__Problem description__: Although the data below contains pictures, please reproduce only its words, exactly.

__Recorded data__:
------------

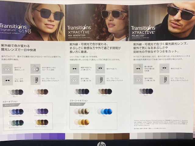 紫外線・可視光線で色づく調光レンズのご案内は以前させて頂きましたが、
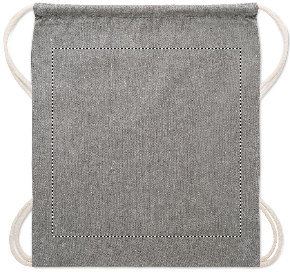 Pingutusnööriga kott taaskasutatud puuvillast (80% taaskasutatud puuvill, 20% tavaline puuvill). 140 gr/m².
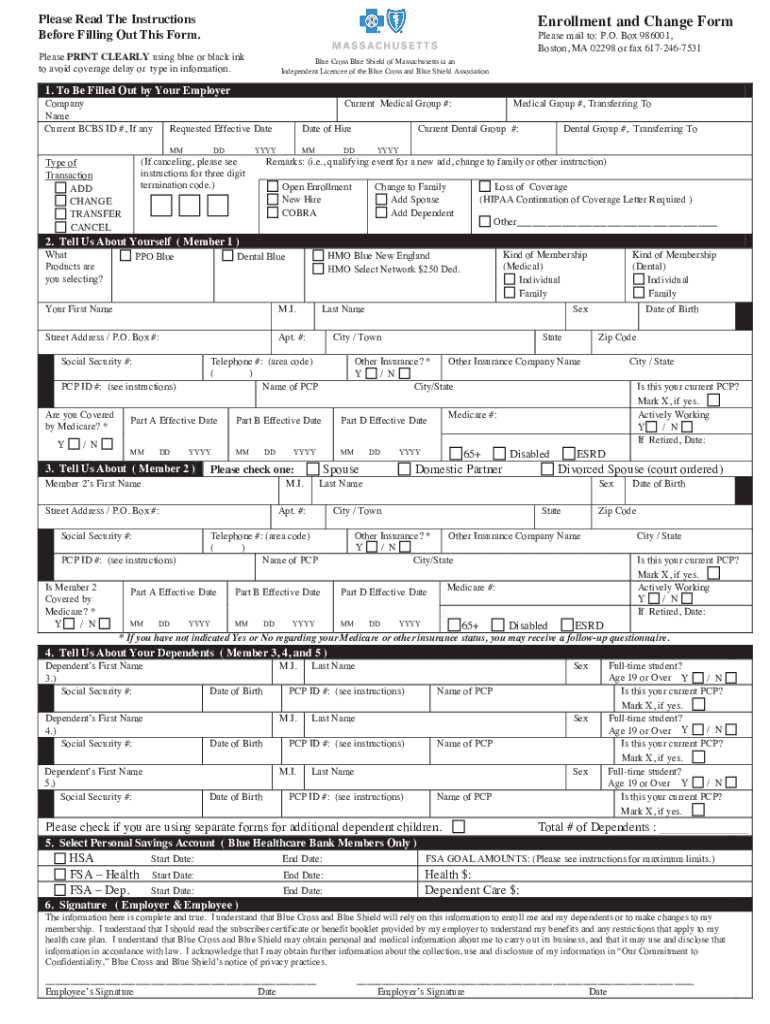 Please, Read The Instructions Before Filling Out This Form. Enrollment and Change Form Please mail to: P.O. Box 986001, Boston, MA 02298 or fax 6172467531Please PRINT CLEARLY using blue or black ink
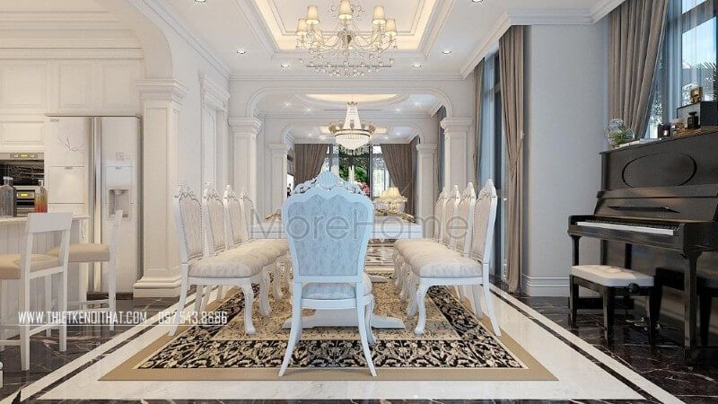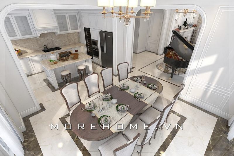 Bạn sẽ phải choáng ngợp với mẫu bàn ăn biệt thự sang trọng tạo điểm nhấn nổi bật cho không gian căn nhà

------------

__Answer to this problem__:
 紫外線・可視光線で色づく調光レンズのご案内は以前させて頂きましたが、
 Pingutusnööriga kott taaskasutatud puuvillast (80% taaskasutatud puuvill, 20% tavaline puuvill). 140 gr/m².
 Please, Read The Instructions Before Filling Out This Form. Enrollment and Change Form Please mail to: P.O. Box 986001, Boston, MA 02298 or fax 6172467531Please PRINT CLEARLY using blue or black ink
 Bạn sẽ phải choáng ngợp với mẫu bàn ăn biệt thự sang trọng tạo điểm nhấn nổi bật cho không gian căn nhà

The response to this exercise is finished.